§ TO DO
Give back exactly the lines from the "Fototapeta premium Blue" line to the final line of the records, and only those, minus any pictures.

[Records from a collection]
☆ ☆ ☆ ☆ ☆
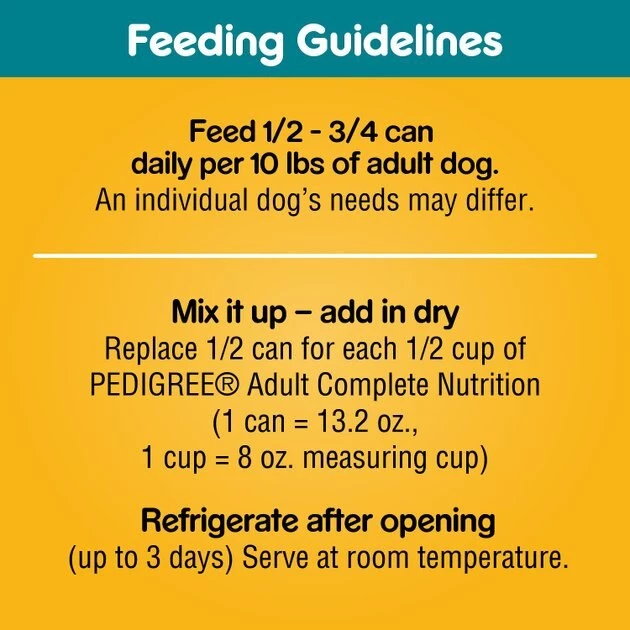 13.2-oz can: Feed 1/2 – 3/4 can daily per 10 lbs of Adult dog. Refrigerate after opening (up to 3 days). Serve at room temperature.
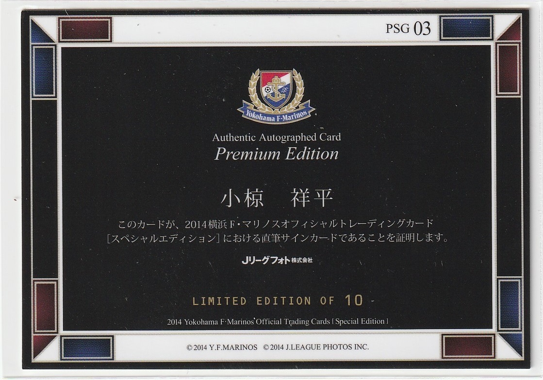 【小椋祥平】2014 横浜F・マリノス スペシャルエディション 直書き金サインプレミアム直筆サインカード[Limited edition of 10]
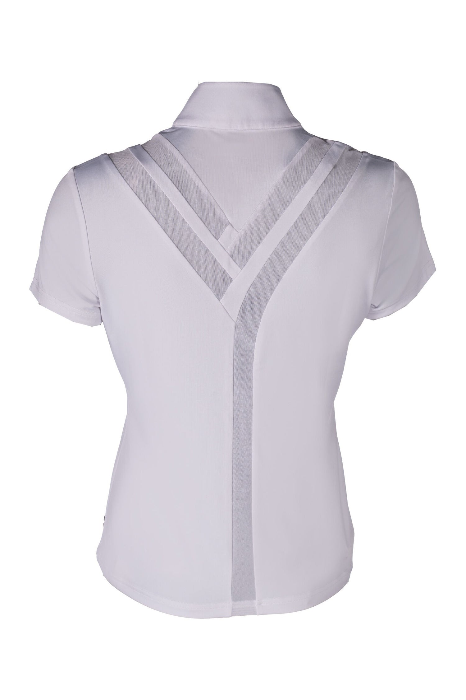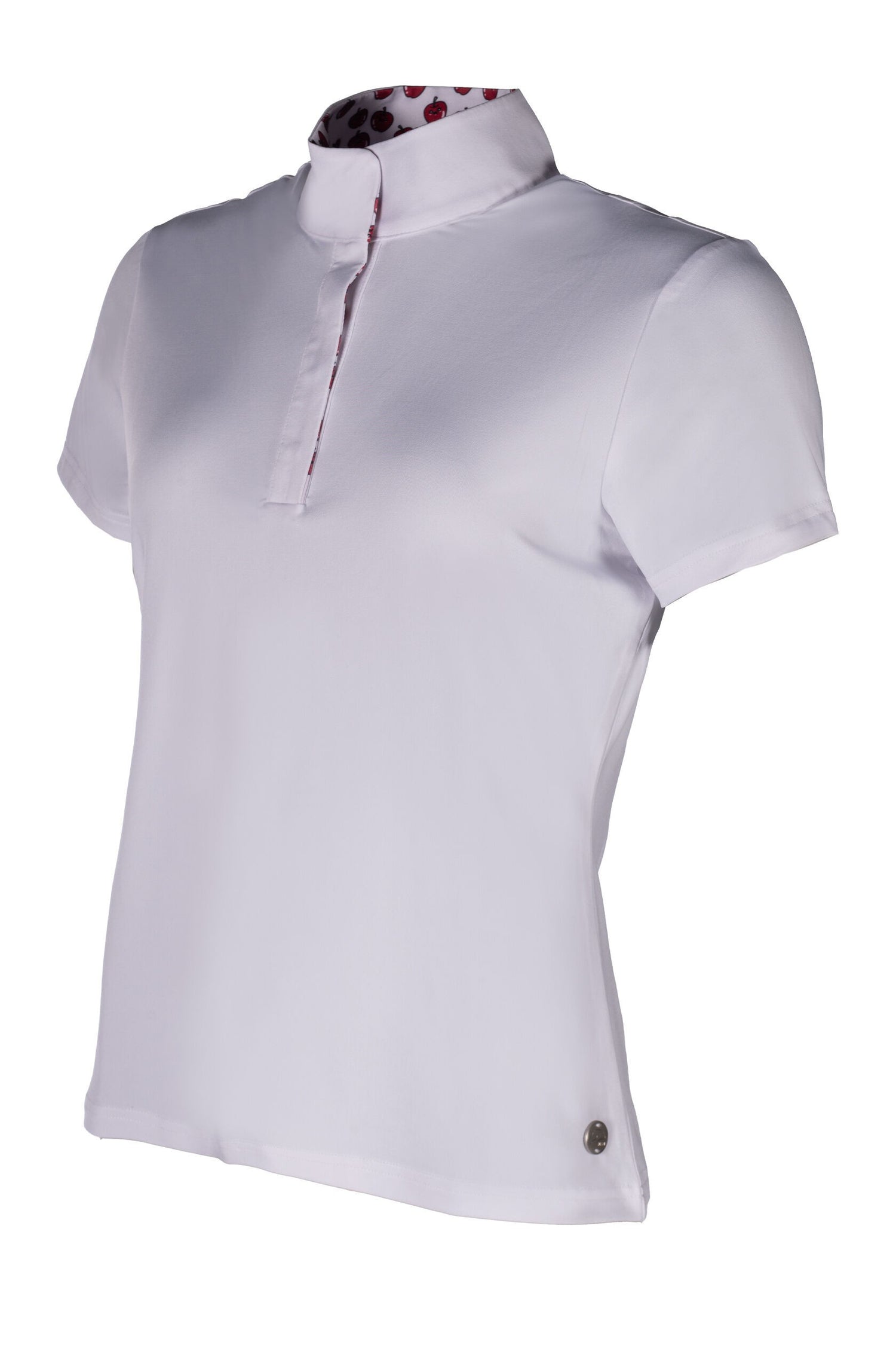 Mesh-Einsätze verbessern die Belüftung und halten den Reiter auch unter einer Turnierjacke frisch. Ein eleganter Stehkragen unterstreicht den gepflegten Turnierlook, während ein dekorativer Kirschdruck im Krageninneren eine spielerische, stilvolle Note hinzufügt. Mit seiner Kombination aus technischer Leistung und eleganten Details ist das Hunter Kurzarmshirt eine verlässliche Wahl für Turniertage.
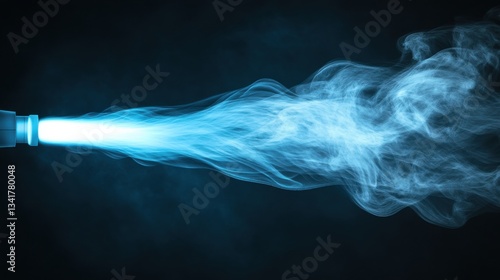 Fototapeta premium Blue Laser Beam Emitting Vapor Effect Against Dark Background
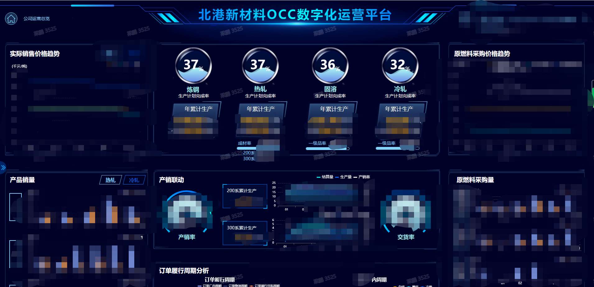 北港新材料基于大数据、云计算、物联网、区块链等新技术,聚焦不锈钢产供销联动,集成了ERP系统、生产管理系统、物流门禁系统及其它第三方系统等,搭建了包含订单履行、生产运营、销售运营、采购运营等主要业务环节在内的产供销联动数字化场景。经过多年改造整合,基本实现了不锈钢从设计到生产、从订单到销售、从原料到成品的全过程数字化管理及运营。
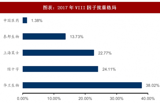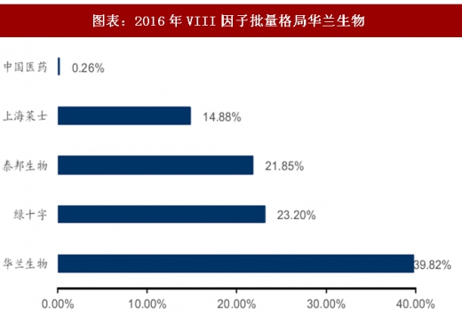 华兰生物继续保持viii因子市场中的主导地位。 华兰生物在16年和17年均保持了40%左右的市场份额。
☆ ☆ ☆ ☆ ☆
§ ANSWER TO THIS EXERCISE
 Fototapeta premium Blue Laser Beam Emitting Vapor Effect Against Dark Background
 北港新材料基于大数据、云计算、物联网、区块链等新技术,聚焦不锈钢产供销联动,集成了ERP系统、生产管理系统、物流门禁系统及其它第三方系统等,搭建了包含订单履行、生产运营、销售运营、采购运营等主要业务环节在内的产供销联动数字化场景。经过多年改造整合,基本实现了不锈钢从设计到生产、从订单到销售、从原料到成品的全过程数字化管理及运营。
 华兰生物继续保持viii因子市场中的主导地位。 华兰生物在16年和17年均保持了40%左右的市场份额。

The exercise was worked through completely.